ZZ and the art of practical BFT execution

  • Authors:
  • Timothy Wood;Rahul Singh;Arun Venkataramani;Prashant Shenoy;Emmanuel Cecchet

  • Affiliations:
  • University of Massachusetts Amherst, Amherst, MA, USA;University of Massachusetts Amherst, Amherst, MA, USA;University of Massachusetts Amherst, Amherst, MA, USA;University of Massachusetts Amherst, Amherst, MA, USA;University of Massachusetts Amherst, Amherst, MA, USA

  • Venue:
  • Proceedings of the sixth conference on Computer systems
  • Year:
  • 2011

Quantified Score

Hi-index 0.01

Visualization

Abstract

The high replication cost of Byzantine fault-tolerance (BFT) methods has been a major barrier to their widespread adoption in commercial distributed applications. We present ZZ, a new approach that reduces the replication cost of BFT services from 2f+1 to practically f+1. The key insight in ZZ is to use f+1 execution replicas in the normal case and to activate additional replicas only upon failures.
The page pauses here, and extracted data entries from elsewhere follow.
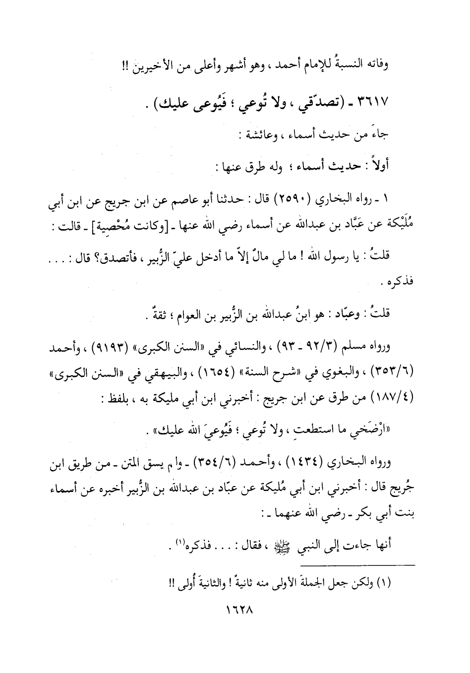 3617- (تصدّقي، ولا تُوعي؛ فيُوعى عليك) .
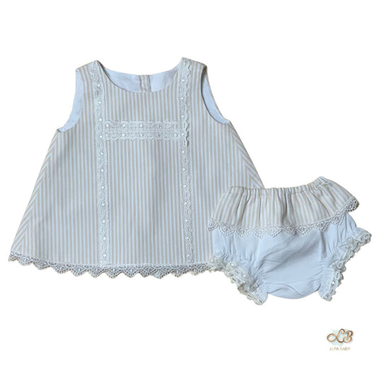 Baby Girl Summer Dress - Ivory-Vanilla A-Line Style Dress and Bloomers Set
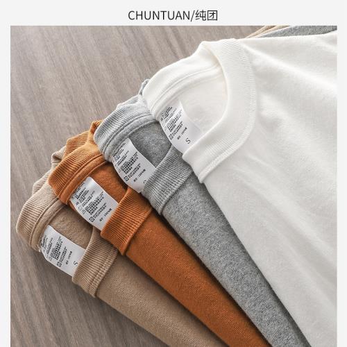 純團美式320g重磅短袖t恤男夏季純色白色純棉厚實三本針半袖男女
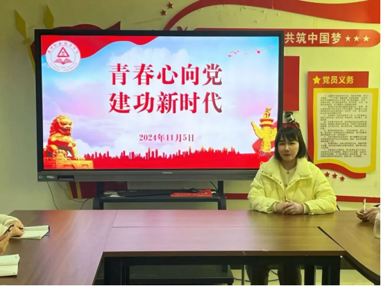 为激励入团积极分子坚定理想信念,在新时代中奋勇拼搏、砥砺前行115日,bw必威西汉姆联官方网站团总支在行政楼4楼党员活动室开展了入团积极分子培训第六讲“青春心向党,建功新时代”。本次团课由团总支书记聂蕾主讲。

In data centers where multiple applications share a physical server, ZZ reduces the aggregate number of execution replicas running in the data center, improving throughput and response times. ZZ relies on virtualization---a technology already employed in modern data centers---for fast replica activation upon failures, and enables newly activated replicas to immediately begin processing requests by fetching state on-demand. A prototype implementation of ZZ using the BASE library and Xen shows that, when compared to a system with 2f+1 replicas, our approach yields lower response times and up to 33% higher throughput in a prototype data center with four BFT web applications. We also show that ZZ can handle simultaneous failures and achieve sub-second recovery.